Importantly, the slipping dollar isn’t the whole story. The boost to inflation from a weaker dollar has dwindled over the past two decades, reflecting weakening links between exchange rate changes and import prices and ultimately consumer prices. Several Fed economists in a paper last year found that the decline is a global phenomenon. Across G7 currencies, their work suggests that exchange rate pass-though to import prices has declined to 40% over the past 15 years from 70% in the 1970s and 1980s, and in the US, it has declined to only 30% (see Jane Ihrig et al. “Exchange-Rate Pass-through in the G7 Countries,” International Finance Discussion Paper 851, January 2006). That is, a 10% sustained depreciation in the dollar might, other things equal, boost the import price level by 3% over a 2-3 year period.

The empirical fact that such exchange-rate “pass-through” has apparently weakened over the past several years, like the flattening in the Phillips curve, may reflect good monetary policies. As well, it probably results from the globalization of markets and production that has promoted “pricing to market.” That is, exporters not wanting to surrender market share have more closely matched domestic-origin prices in setting their export prices in foreign currency, and they tend to hedge their currency risk either ‘naturally’ by sourcing abroad or financially. That probably muted the pass-through and lengthened the lags from currency moves to changes in relative prices long before the dollar began its descent.

Notwithstanding disinflationary monetary policy, I also suspect that the pass-through link varies with the cyclical state of the global economy and inflation expectations. Considering those factors, the weaker dollar may explain half the recent increase in import prices. And the booming global economy may have accounted for the other half, by increasing the pricing power of exporters to the US. Looking ahead, the combined effect of the dollar’s decline and the global boom on US inflation now could be larger than it was over 2002-04 (for more discussion, see “The Dollar and Inflation,” Global Economic Forum, May 5, 2006). The cyclical state of the domestic economy also matters for assessing the impact of all these global factors on US consumer price inflation. Despite the sluggish pace of US economic activity over the past year, the level of resource utilization is still high, and sellers may thus succeed in passing such price hikes through to consumer inflation.

Global factors — higher energy and import quotes and a weaker currency — may also contribute to US inflation by reviving inflation expectations.
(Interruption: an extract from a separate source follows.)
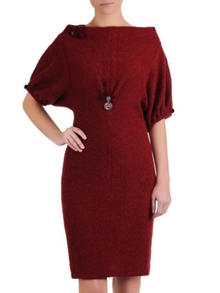 Liczba produktów: 6741Bordowa sukienka z fantazyjnymi rękawami, elegancka kreacja z wełny 19065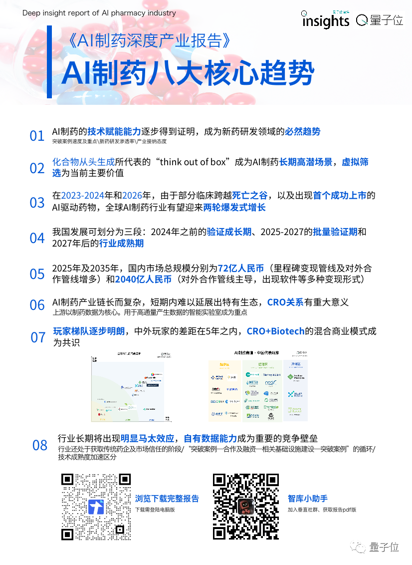 采访数十家机构并深入调研后,量子位智库撰写了《AI制药深度产业报告》,扫描下方二维码可下载完整报告。

So far, however, there’s little sign of that: Inflation compensation measured by 10-year TIPs spreads plunged by 10 bp on this week’s good inflation news, to 240 bp. To be sure, the reaction in distant-forward breakevens was more muted, amounting to 3-4 bp, hinting that these developments haven’t much altered market participants’ underlying inflation expectations. In mild contrast, survey-based inflation expectations, such as the measure of 5-10 year expectations compiled by the University of Michigan ticked up to 3% in March. But it’s early days for assessing the impact of these developments on expectations.

The most important factor affecting inflation expectations is back home: The Fed. Clear goals and objectives and a straightforward sense of how the Fed will get there are both critical to anchoring longer-term inflation expectations. And by an large, the Fed has been successful in doing exactly that over the past several years. Lately, however, when the Fed says inflation is too high, market participants aren’t sure how to calibrate such statements. That’s partly because there has been some ambiguity over the Fed’s implicit inflation objective.

Officials have described their preferences in terms of a 1% to 2% “comfort zone” for core PCE inflation, but for three years, core PCEPI has run above the upper end of that zone. Many market participants thus assume that officials’ de facto target is 2% and not the 1½% mid-point of the “comfort zone.” If the Fed were clearer about this critical issue — whether they pick one or the other — I think it would more firmly anchor inflation expectations. Personally, I prefer 2%, because it builds in a bigger cushion for measurement error and disinflationary shocks (see “More Clarity, Less Guidance From the Fed,” Weekly International Briefing, March 30, 2007). Either way, together with a set of global factors potentially pushing up inflation expectations, lingering questions about the Fed’s objectives may translate into market uncertainty, pushing up term premiums and steepening the yield curve.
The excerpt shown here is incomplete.